### What you should do
Give the data again exactly as written, without any of its pictures.

Input data below:

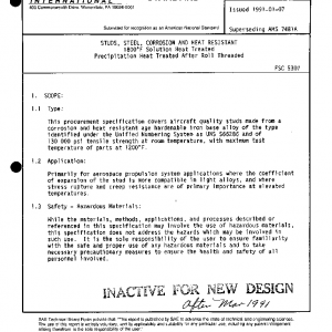 This procurement specification covers aircraft quality studs made from a corrosion and heat resistant age hardenable iron base alloy of the type identified under the Unified Numbering System as UNS S66286 and of 130 000 psi tensile strength at room temperature, with maximum test temperature of parts at 1200°F.
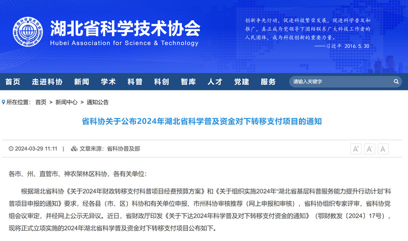 近日,湖北省科学技术协会发布关于2024年湖北省科学普及资金对下转移支付项目的通知。304am永利集团科技志愿服务队被评为湖北省优秀科技志愿服务队,获批省级经费支持。
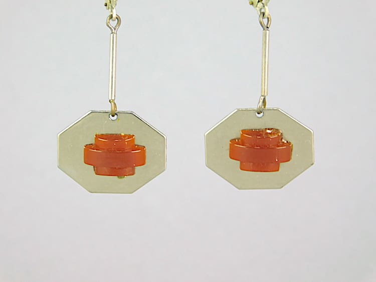Chrome and brown galalith earrings for pierced ears. Made in the 1930’s by Bengel.
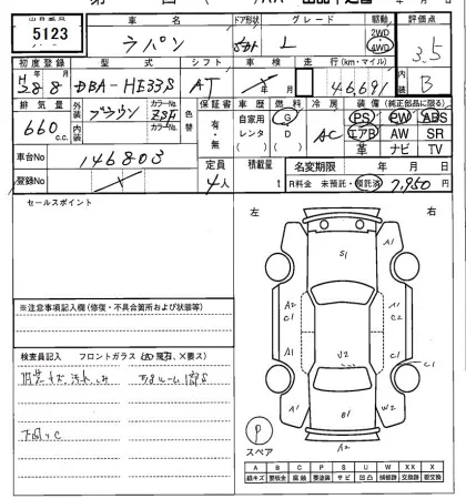 Аукцион SAA Sapporo Дата аукциона 18.11.2025 Год2016 Тип кузоваХэтчбек Номер кузоваHE33S Объем660 сс Трансмиссия Автомат Привод FF,FULLTIME4WD Пробег 47 000 км Цветкоричневый Оценка3.5
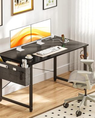 ODK Computer Desk – 48 Inch Office Writing Desk for Home, Student Study Desk with Storage Bag, Headphone Hook & Power Outlets, Modern Simple Table for Bedroom, Black
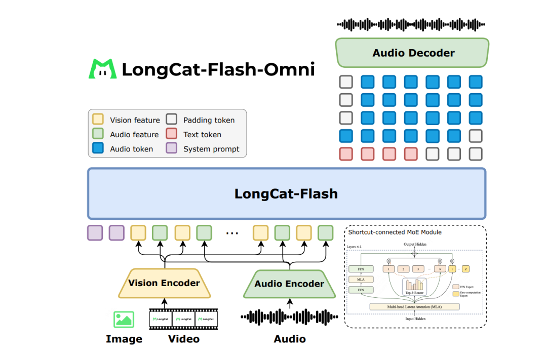 主干部分延续LongCat系列的高效架构设计,采用完全端到端的统一架构ScMoE,能够同时接收文本、音频、图像、视频及任意组合的多模态输入。
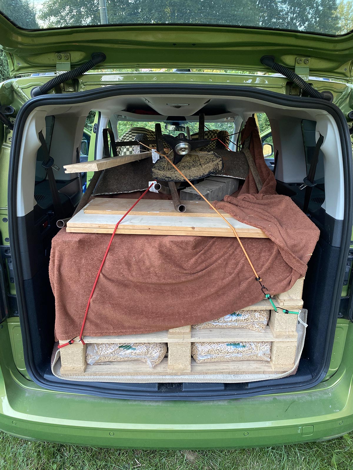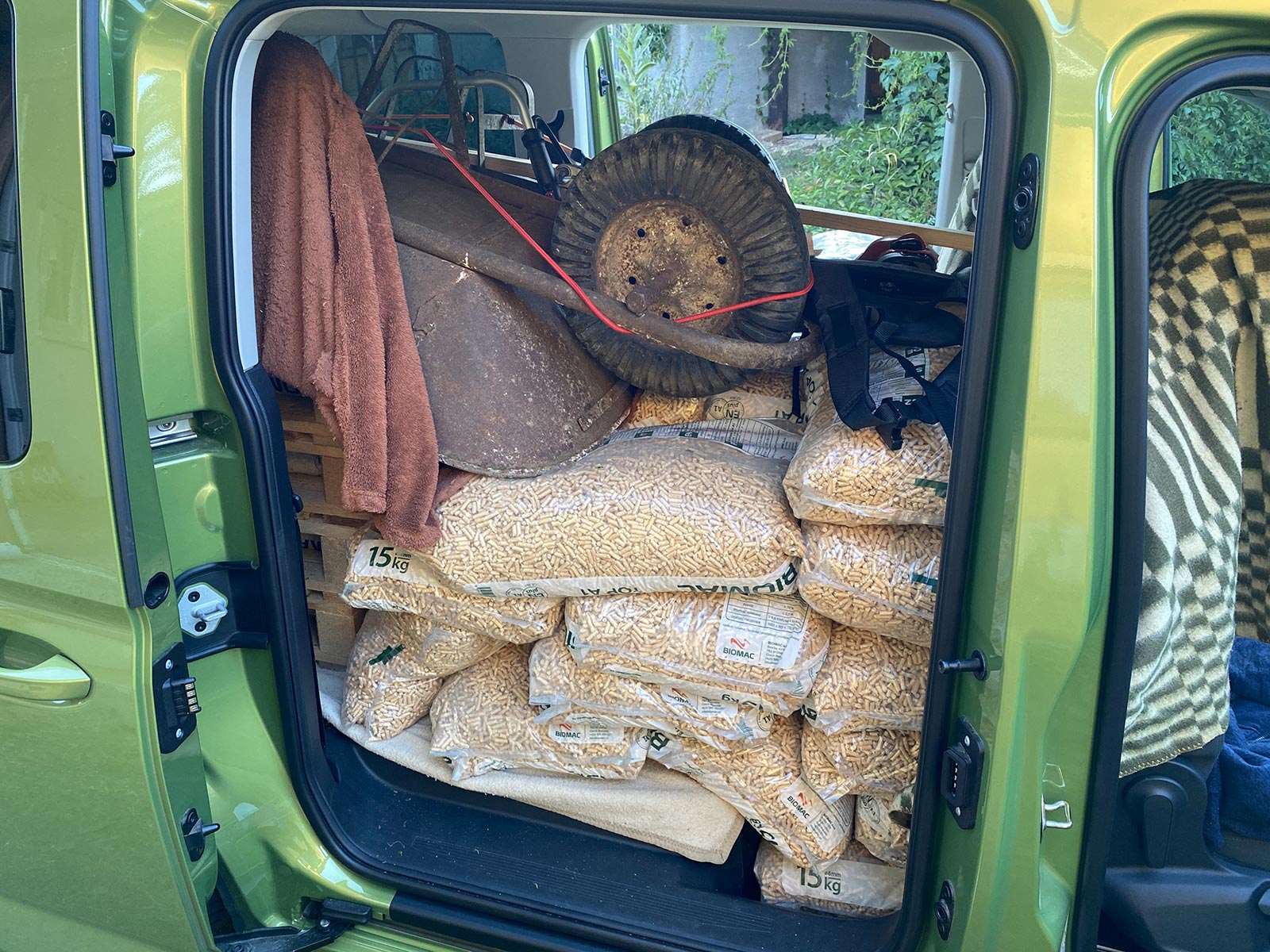 V průběhu podzimu byl Maxík pracovním mezkem. Pomáhal mi s dalším stěhováním a vyklízením domu. Často tahal vozík, jednou měl dokonce plně využitou užitečnou hmotnost včetně maximální povolené hmotnosti nebrzděného vozíku. Bylo totiž potřeba převést 70 patnáctikilových pytlů s peletami (dohromady 1050 kg) + dva dospěláci a dvě děti (odhadem 190 kg). Vozík samotný váží kolem 250 kg, celkem si tedy vůz musel poradit odhadem skoro s 1,5 tuny nákladu. Zvládl to bez problémů. Na Caddy je hodně znát jeho užitkové zaměření. I při velkém zatížení totiž záď klesá jen mírně a potkávací světla jsem zatím nikdy nemusel sklápět níž než do třetího stupně (je jich sedm). A co vám budu povídat, ten dvoulitrový diesel se k takové práci hodí jako zadek na hrnec. Prostě paráda.

End of Input data.

### Answer for this exercise
 This procurement specification covers aircraft quality studs made from a corrosion and heat resistant age hardenable iron base alloy of the type identified under the Unified Numbering System as UNS S66286 and of 130 000 psi tensile strength at room temperature, with maximum test temperature of parts at 1200°F.
 近日,湖北省科学技术协会发布关于2024年湖北省科学普及资金对下转移支付项目的通知。304am永利集团科技志愿服务队被评为湖北省优秀科技志愿服务队,获批省级经费支持。
Chrome and brown galalith earrings for pierced ears. Made in the 1930’s by Bengel.
 Аукцион SAA Sapporo Дата аукциона 18.11.2025 Год2016 Тип кузоваХэтчбек Номер кузоваHE33S Объем660 сс Трансмиссия Автомат Привод FF,FULLTIME4WD Пробег 47 000 км Цветкоричневый Оценка3.5
 ODK Computer Desk – 48 Inch Office Writing Desk for Home, Student Study Desk with Storage Bag, Headphone Hook & Power Outlets, Modern Simple Table for Bedroom, Black
 主干部分延续LongCat系列的高效架构设计,采用完全端到端的统一架构ScMoE,能够同时接收文本、音频、图像、视频及任意组合的多模态输入。
 V průběhu podzimu byl Maxík pracovním mezkem. Pomáhal mi s dalším stěhováním a vyklízením domu. Často tahal vozík, jednou měl dokonce plně využitou užitečnou hmotnost včetně maximální povolené hmotnosti nebrzděného vozíku. Bylo totiž potřeba převést 70 patnáctikilových pytlů s peletami (dohromady 1050 kg) + dva dospěláci a dvě děti (odhadem 190 kg). Vozík samotný váží kolem 250 kg, celkem si tedy vůz musel poradit odhadem skoro s 1,5 tuny nákladu. Zvládl to bez problémů. Na Caddy je hodně znát jeho užitkové zaměření. I při velkém zatížení totiž záď klesá jen mírně a potkávací světla jsem zatím nikdy nemusel sklápět níž než do třetího stupně (je jich sedm). A co vám budu povídat, ten dvoulitrový diesel se k takové práci hodí jako zadek na hrnec. Prostě paráda.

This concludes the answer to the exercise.